*** DATA TO USE ***
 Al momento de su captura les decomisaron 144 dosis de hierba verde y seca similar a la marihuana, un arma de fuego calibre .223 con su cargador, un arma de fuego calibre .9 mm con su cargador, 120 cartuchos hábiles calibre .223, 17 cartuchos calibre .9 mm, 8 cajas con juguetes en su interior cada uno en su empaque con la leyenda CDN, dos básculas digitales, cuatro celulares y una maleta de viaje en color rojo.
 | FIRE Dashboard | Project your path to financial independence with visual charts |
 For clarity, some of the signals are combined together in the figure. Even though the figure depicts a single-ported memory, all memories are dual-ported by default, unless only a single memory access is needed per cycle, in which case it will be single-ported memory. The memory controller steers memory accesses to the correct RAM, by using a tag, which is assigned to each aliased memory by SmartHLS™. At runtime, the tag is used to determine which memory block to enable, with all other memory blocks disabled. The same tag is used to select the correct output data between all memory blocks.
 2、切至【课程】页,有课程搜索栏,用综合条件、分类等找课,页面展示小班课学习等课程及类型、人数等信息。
*** End of DATA TO USE ***
*** DATA TO USE ***
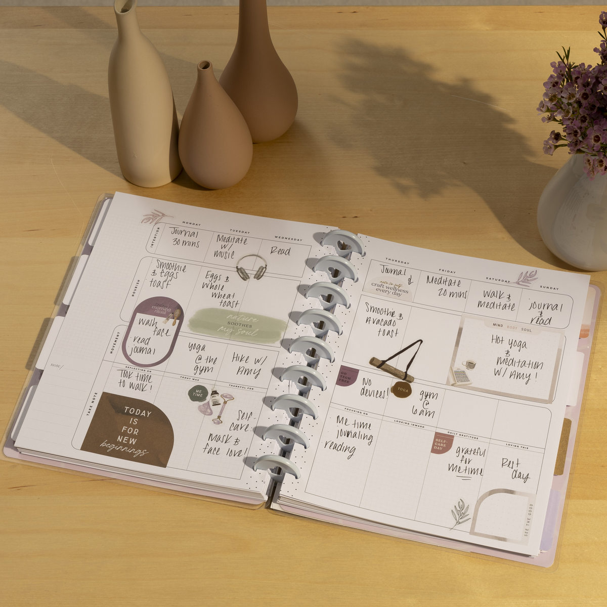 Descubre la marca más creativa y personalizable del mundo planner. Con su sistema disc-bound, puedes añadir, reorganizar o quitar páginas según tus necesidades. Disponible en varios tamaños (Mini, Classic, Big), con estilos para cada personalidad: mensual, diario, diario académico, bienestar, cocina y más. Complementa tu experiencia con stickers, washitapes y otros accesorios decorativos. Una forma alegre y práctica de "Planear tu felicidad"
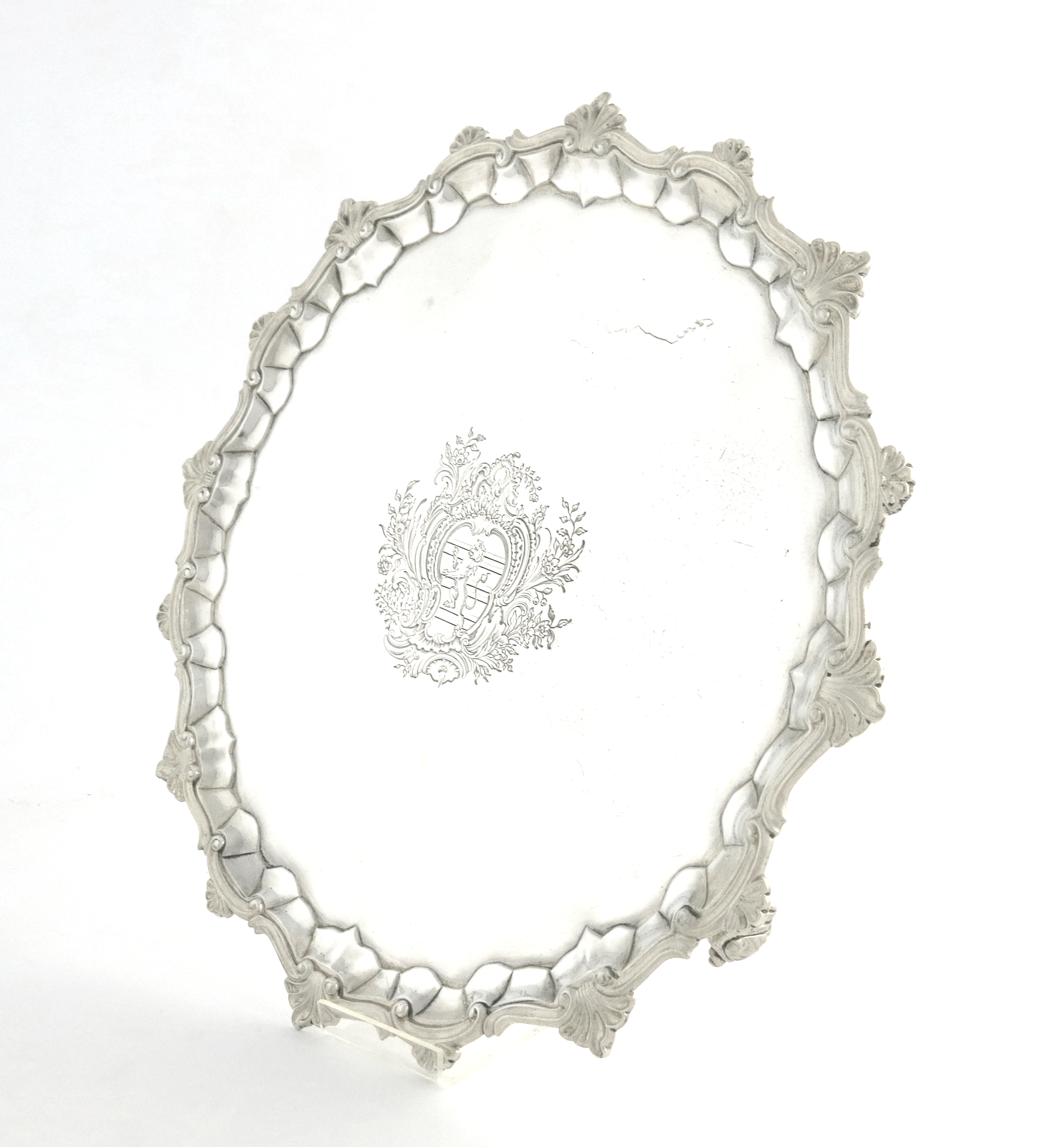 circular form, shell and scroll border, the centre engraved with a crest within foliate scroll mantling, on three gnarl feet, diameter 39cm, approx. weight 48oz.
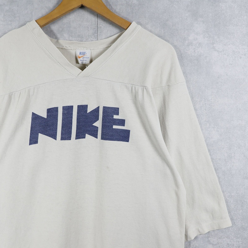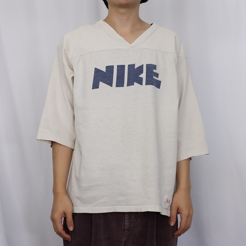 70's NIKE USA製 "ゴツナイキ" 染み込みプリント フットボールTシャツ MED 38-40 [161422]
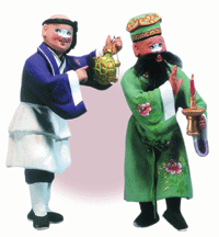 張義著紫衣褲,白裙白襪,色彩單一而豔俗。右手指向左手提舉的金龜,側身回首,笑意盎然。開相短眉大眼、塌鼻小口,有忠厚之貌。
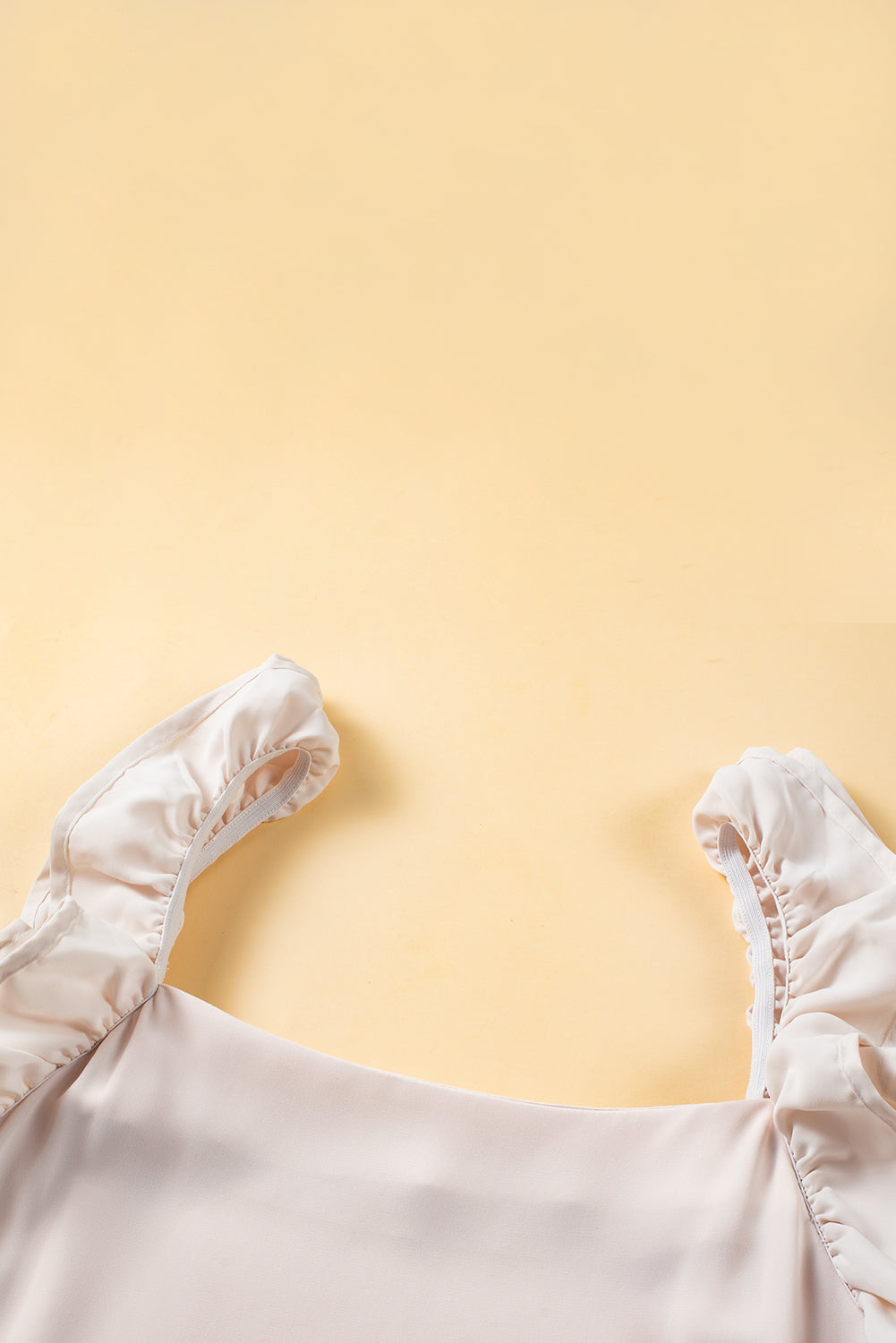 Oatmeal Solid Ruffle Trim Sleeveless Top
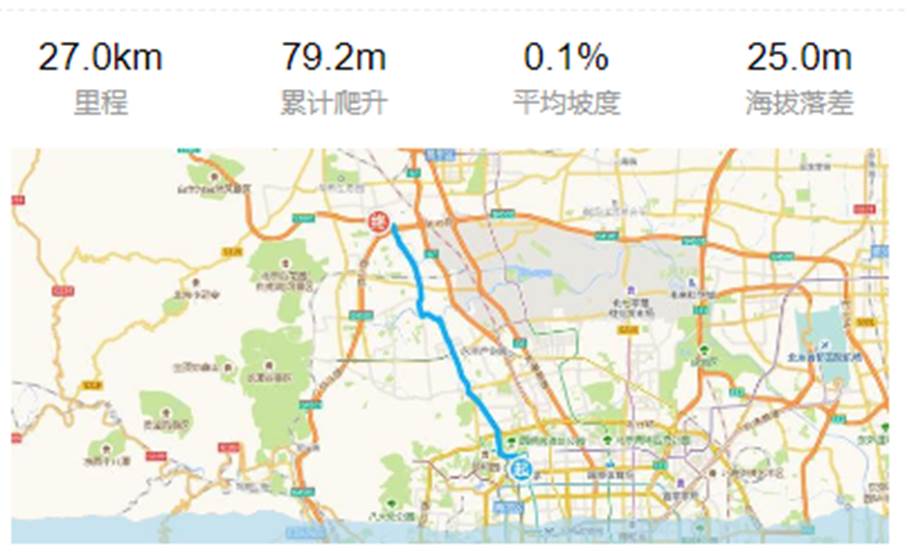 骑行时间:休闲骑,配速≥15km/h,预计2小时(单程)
*** End of DATA TO USE ***
*** DATA TO USE ***
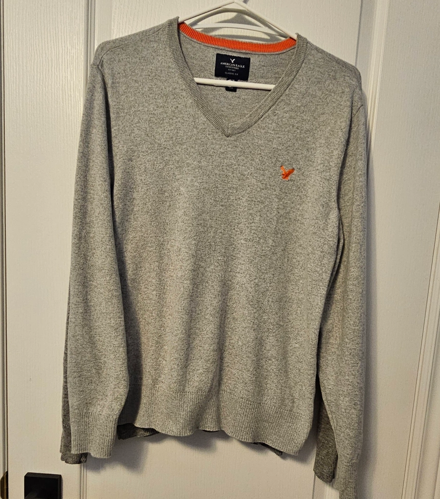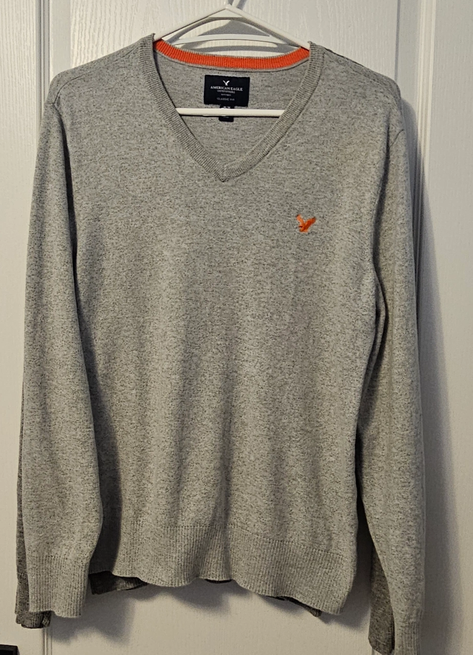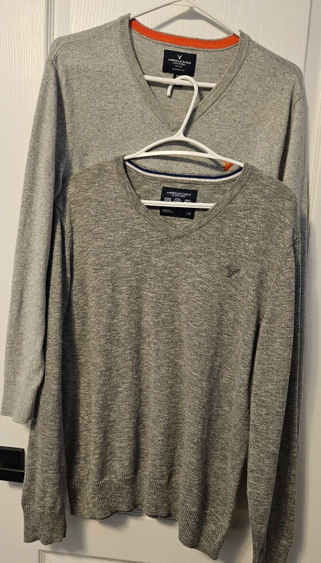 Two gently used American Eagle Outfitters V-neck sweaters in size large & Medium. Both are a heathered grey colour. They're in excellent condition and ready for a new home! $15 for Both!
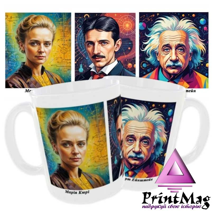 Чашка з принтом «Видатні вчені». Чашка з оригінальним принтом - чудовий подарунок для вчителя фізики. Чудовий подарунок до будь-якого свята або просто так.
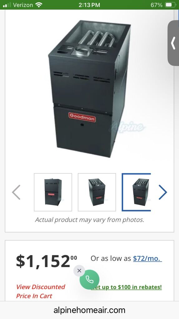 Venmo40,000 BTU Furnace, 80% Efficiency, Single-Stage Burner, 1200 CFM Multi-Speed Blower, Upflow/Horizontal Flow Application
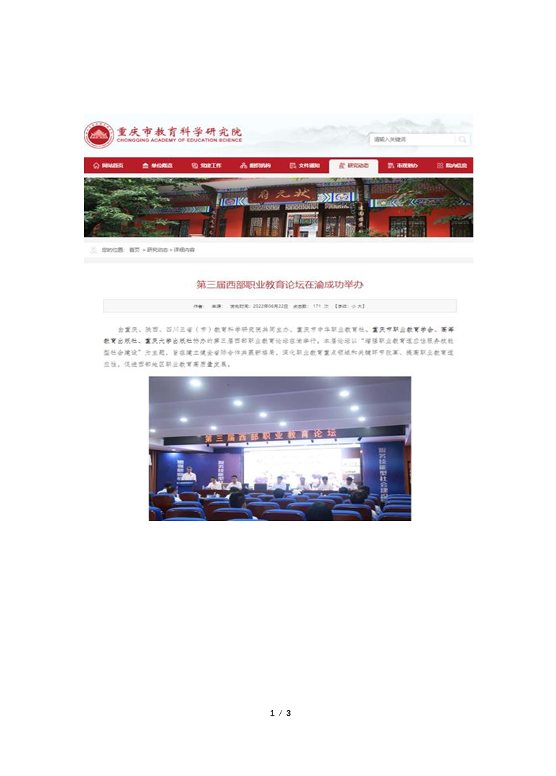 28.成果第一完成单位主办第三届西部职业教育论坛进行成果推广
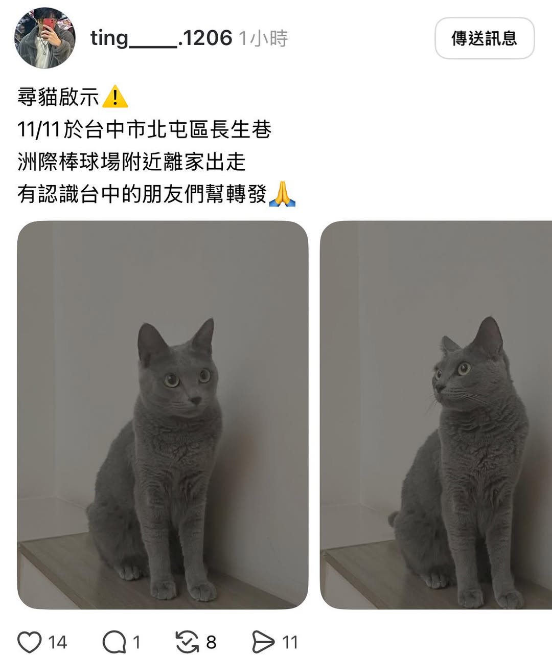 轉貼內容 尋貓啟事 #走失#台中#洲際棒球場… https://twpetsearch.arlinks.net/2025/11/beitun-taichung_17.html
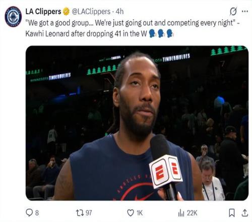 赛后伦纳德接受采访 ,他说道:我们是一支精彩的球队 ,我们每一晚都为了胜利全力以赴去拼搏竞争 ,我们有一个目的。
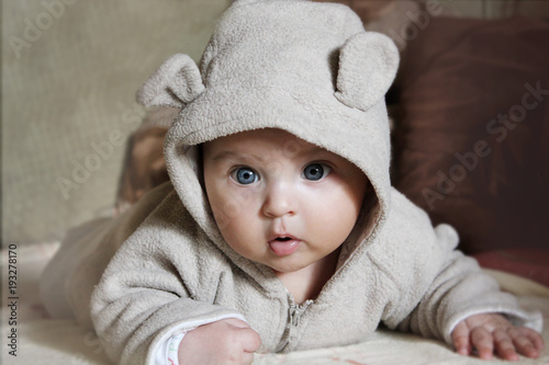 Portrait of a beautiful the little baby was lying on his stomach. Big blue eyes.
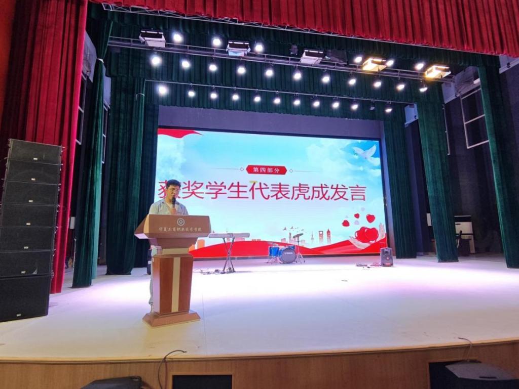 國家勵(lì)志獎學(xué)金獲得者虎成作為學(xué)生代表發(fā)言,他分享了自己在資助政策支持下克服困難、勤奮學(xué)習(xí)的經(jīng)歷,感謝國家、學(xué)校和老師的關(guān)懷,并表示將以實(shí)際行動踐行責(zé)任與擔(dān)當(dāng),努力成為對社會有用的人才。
*** End of DATA TO USE ***
Respond with the exact lines above running from the one containing "赛后伦纳德接受采访 ,他说道:我们是一支精彩的球队 ,我们每一晚都为了胜利全力以赴去拼搏竞争" to the one containing "國家勵(lì)志獎學(xué", both ends kept and no pictures included.

▸ WRITTEN ANSWER
 赛后伦纳德接受采访 ,他说道:我们是一支精彩的球队 ,我们每一晚都为了胜利全力以赴去拼搏竞争 ,我们有一个目的。
 Portrait of a beautiful the little baby was lying on his stomach. Big blue eyes.
 國家勵(lì)志獎學(xué)金獲得者虎成作為學(xué)生代表發(fā)言,他分享了自己在資助政策支持下克服困難、勤奮學(xué)習(xí)的經(jīng)歷,感謝國家、學(xué)校和老師的關(guān)懷,并表示將以實(shí)際行動踐行責(zé)任與擔(dān)當(dāng),努力成為對社會有用的人才。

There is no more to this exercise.